Los médicos volvieron inútilmente. Había allí delante de ellos una vida que se acababa, desangrándose día a día,
hora a hora, sin saber absolutamente cómo. En la última consulta Alicia yacía en estupor mientras ellos la pulsaban,
pasándose de uno a otro la muñeca inerte. La observaron largo rato en silencio y siguieron al comedor.
—Pst... —se encogió de hombros desalentado su médico—. Es un caso serio... poco hay que hacer...
—¡Sólo eso me faltaba! —resopló Jordán. Y tamborileó bruscamente sobre la mesa.
Alicia fue extinguiéndose en su delirio de anemia, agravado de tarde, pero que remitía siempre en las primeras
horas. Durante el día no avanzaba su enfermedad, pero cada mañana amanecía lívida, en síncope casi. Parecía que
únicamente de noche se le fuera la vida en nuevas alas de sangre. Tenía siempre al despertar la sensación de estar
desplomada en la cama con un millón de kilos encima. Desde el tercer día este hundimiento no la abandonó más.
Apenas podía mover la cabeza. No quiso que le tocaran la cama, ni aún que le arreglaran el almohadón. Sus terrores
crepusculares avanzaron en forma de monstruos que se arrastraban hasta la cama y trepaban dificultosamente por la
colcha.
Perdió luego el conocimiento. Los dos días finales deliró sin cesar a media voz. Las luces continuaban
fúnebremente encendidas en el dormitorio y la sala. En el silencio agónico de la casa, no se oía más que el delirio
monótono que salía de la cama, y el rumor ahogado de los eternos pasos de Jordán.
Murió, por fin. La sirvienta, que entró después a deshacer la cama, sola ya, miró un rato extrañada el almohadón.
—¡Señor! —llamó a Jordán en voz baja—. En el almohadón hay manchas que parecen de sangre.
Jordán se acercó rápidamente Y se dobló a su vez.
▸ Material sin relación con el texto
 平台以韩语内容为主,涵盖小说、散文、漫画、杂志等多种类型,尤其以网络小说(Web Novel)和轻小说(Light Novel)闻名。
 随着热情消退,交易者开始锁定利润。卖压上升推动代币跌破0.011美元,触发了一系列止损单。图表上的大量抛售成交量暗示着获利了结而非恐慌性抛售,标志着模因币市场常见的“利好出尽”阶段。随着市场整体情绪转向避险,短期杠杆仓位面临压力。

Efectivamente, sobre la funda, a ambos lados del hueco que
había dejado la cabeza de Alicia, se veían manchitas oscuras.
—Parecen picaduras —murmuró la sirvienta después de un rato de inmóvil observación.
—Levántelo a la luz —le dijo Jordán.
La sirvienta lo levantó, pero enseguida lo dejó caer, y se quedó mirando a aquél, lívida y temblando. Sin saber por
qué, Jordán sintió que los cabellos se le erizaban.
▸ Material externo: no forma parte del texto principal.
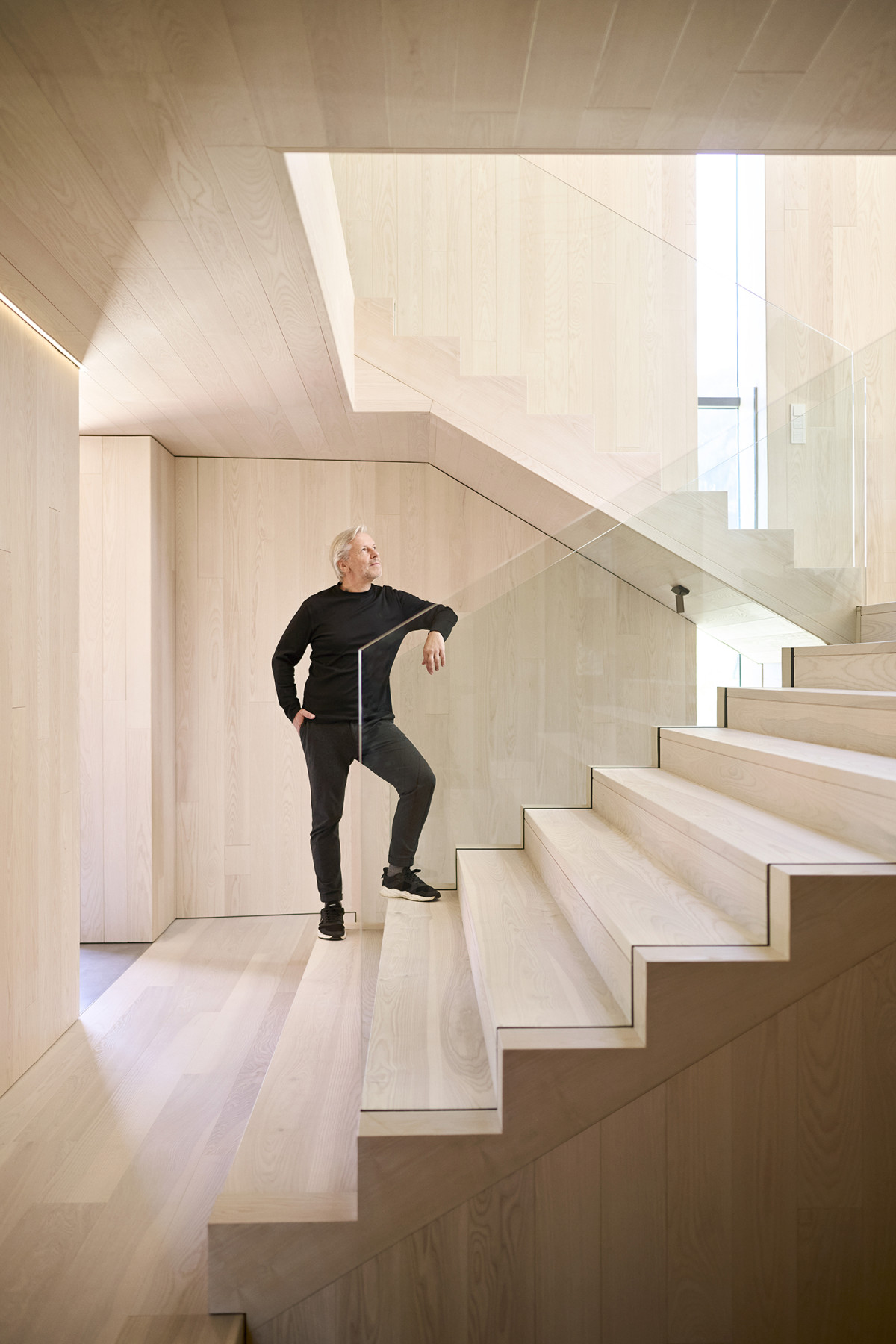 Wnętrza w całości wykończono olejowanym jesionem. Dom nie ma wentylacji mechanicznej ani klimatyzacji i jest w zasadzie samowystarczalny energetycznie. Rozwiązania proekologiczne pomógł opracować Thomas Auer z biura Transsolar. – W budynkach drewnianych chłodzenie bywa wyzwaniem. Zastosowaliśmy system oparty na tzw. efekcie kominowym. Powietrze pobierane jest z najchłodniejszych miejsc na poziomie garażu, następnie grawitacyjnie rozchodzi się po pomieszczeniach i uchodzi przez tzw. komin solarny z automatycznie otwieranymi klapami w dachu – tłumaczy Kuczia.

—¿Qué hay? —murmuró con la voz ronca.
—Pesa mucho —articuló la sirvienta, sin dejar de temblar.
Jordán lo levantó; pesaba extraordinariamente. Salieron con él, y sobre la mesa del comedor Jordán cortó funda
y envoltura de un tajo. Las plumas superiores volaron, y la sirvienta dio un grito de horror con toda la boca abierta,
llevándose las manos crispadas a los bandos: —sobre el fondo, entre las plumas, moviendo lentamente las patas velludas,
había un animal monstruoso, una bola viviente y viscosa. Estaba tan hinchado que apenas se le pronunciaba la boca.
Noche a noche, desde que Alicia había caído en cama, había aplicado sigilosamente su boca —su trompa, mejor
dicho— a las sienes de aquélla, chupándole la sangre. La picadura era casi imperceptible. La remoción diaria del
almohadón había impedido sin dada su desarrollo, pero desde que la joven no pudo moverse, la succión fue vertiginosa.
En cinco días, en cinco noches, había vaciado a Alicia.
Estos parásitos de las aves, diminutos en el medio habitual, llegan a adquirir en ciertas condiciones proporciones
enormes. La sangre humana parece serles particularmente favorable, y no es raro hallarlos en los almohadones de
pluma.

RESPONDA LAS SIGUIENTES PREGUNTAS EN SU CUADERNO.


1. ¿Dónde ocurren los acontecimientos del cuento?
2. ¿Qué características posee ese lugar? Fundamenta con citas textuales.
3. ¿Qué emociones o estados de ánimo de los personajes se mencionan en el relato? Incluye citas textuales.
4. Subraya las acciones o emociones que revelan el estado de ánimo de la sirvienta tras la muerte de Alicia.
5. ¿Cuál es el problema que enfrentan los personajes del cuento?
6. Describe cómo enfrenta el conflicto los siguientes personajes:
a) Alicia
b) Jordán
7. Explica cómo se resuelve el conflicto.
8. ¿Crees que Alicia sabía de la criatura que la amenazaba? Fundamenta tu respuesta.
9. ¿Piensas que la rigidez y seriedad de Jordán influyeron en el desenlace de la historia? Argumenta.
10. ¿Cómo imaginas que reaccionó Jordán al descubrir al insecto? ¿Por qué?
11. ¿Podría haberse evitado el final trágico de la protagonista? Plantea una hipótesis y fundamenta a partir del texto.